Results: Expression of a degradation resistant form of β-catenin in hepatocytes resulted in 100% mortality within 31 days after birth. Ctnnb1CA hep mice were characterized by reduced body weight, significantly enlarged livers with hepatocellular fat accumulation around central veins and increased hepatic triglyceride content. Proteomics analysis using whole liver tissue revealed significant deregulation of proteins involved in fat, glucose and mitochondrial energy metabolism, which was also reflected in morphological anomalies of hepatocellular mitochondria. Key enzymes involved in transport and synthesis of fatty acids and cholesterol were significantly deregulated in livers of Ctnnb1CA hep mice. Furthermore, carbohydrate metabolism was substantially disturbed in mutant mice.
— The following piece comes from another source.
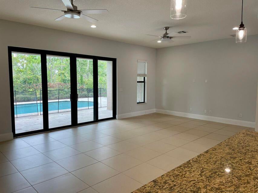 Well-maintained home in Tesoro Club. Two-story with open-concept great room plan plus den/office and loft, private pool, and side-entry 2.5-car garage. Chef's kitchen with granite counters, solid wood cabinets, and GE Monogram appliances with induction cooktop. Private dining room with tray ceiling and 10-ft wet bar. Four bedrooms with ensuite baths plus cabana-style pool bath; den/office can serve as a 5th bedroom. Large primary suite with two walk-in closets, garden tub and separate glass shower. Gated community with 24/7 roving security. Convenient access to the Turnpike, Publix, restaurants, and the new Florida Coast Medical Center. Tenants may join Tesoro Club amenities via available memberships. Annual lease; first, last & security required; no pets.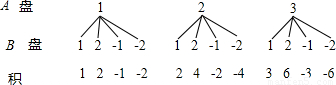 | B盘 A盘 | 1 | 2 | -1 | -2 |

Conclusion: Continuous β-catenin signaling in hepatocytes results in premature death due to severe disturbances of liver associated metabolic pathways and mitochondrial dysfunction.
Methods: To investigate the influence of permanent β-catenin signaling on liver biology we analyzed mice with hepatocyte specific expression of a dominant stable form of β-catenin (Ctnnb1CA hep) and their WT littermates by serum biochemistry, histology, electron microscopy, mRNA profiling and proteomic analysis of the liver.